Ahlgren and colleagues looked at chemotherapy in high-risk patients. This is the SPCG-12 study that randomized 459 patients, including 12% pN1 patients after prostatectomy, to six cycles of docetaxel or surveillance. Median follow-up was 57 months; no improvement in biochemical recurrence-free survival, which was defined as rising PSA above 0.5, was demonstrated. The lack of combination of docetaxel to ADT in this trial and the inclusion of patients not classically considered as very high risk for relapse may explain these negative findings.
While we just heard about data on new hormonal agents in the cN1 setting, we don't have data on that yet for the pN1 setting. There's the DASL-HICAP trial and the 1801, which is currently recruiting a randomized international trial of adding darolutamide to ADT and definitive or salvage radiation in very high-risk prostate cancer, and this study will include a stratification on clinical or pathological pelvic lymph node involvement.
Furthermore, in this setting, there's the NRG-GU008 Innovate study. What's unique about this study is it is focusing only on pN1 disease, pathologically node-positive prostate cancer patients at the time of radical prostatectomy, and currently having a detectable PSA, are randomized to radiotherapy plus ADT for two years versus radiotherapy plus ADT plus apalutamide for two years.

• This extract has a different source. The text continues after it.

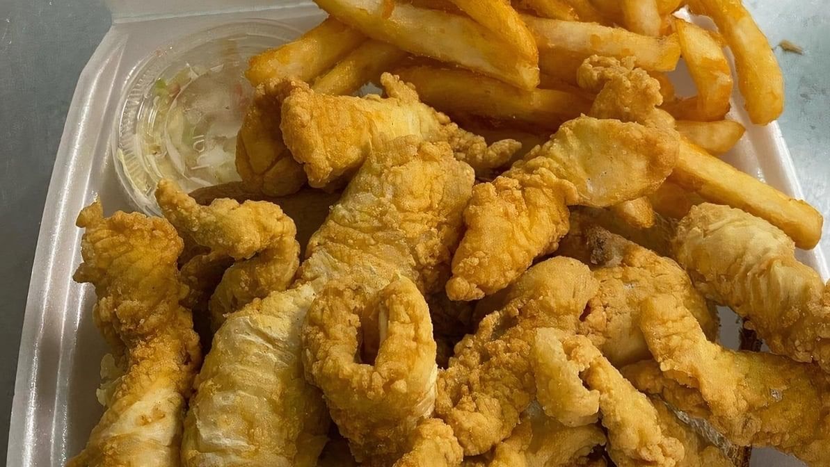 Catfish nuggets fried in our special cornmeal batter with our own special french fries
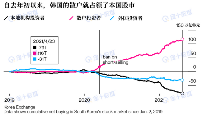 而一路走牛且没有做空机构的韩国股市,却吸引了大量散户投资者。据数据显示,2020年3月至12月期间,韩国个人投资者在股市净买入价值约38.1万亿韩元股票(约合人民币2207亿元),远超外国投资者(净买入21.5万亿韩元),机构则净卖出8.2万亿韩元。其中,很多韩国年轻人甚至不惜举债炒股,给韩国金融市场造成不少隐患。

I would like to summarize using this systematic review on the management of pN1 patients, which we performed within the EAU Prostate Cancer Working Group. It includes 26 studies with more than 12,500 men. Ten-year biochemical recurrence-free survival ranged from 28% to 56%, and cancer-specific survival from 72% to 98%. While the majority of men with pN1 disease experience biochemical recurrence after surgery, long-term disease-free survival has been reported in selected patients. We saw that the use of adjuvant radiotherapy with or without ADT was shown to improve survival in men with locally advanced disease and a higher number of positive lymph nodes. Risk stratification, according to pathological Gleason score, the number of positive nodes, and pathological stage, is key for the selection of the optimal postoperative therapy. The uncertainty regarding the optimal management of pN1 disease is reflected in the guidelines, as seen here for the EAU guidelines, which list observation, adjuvant ADT, and radiotherapy plus ADT as management options with a strength rating of weak. Thank you.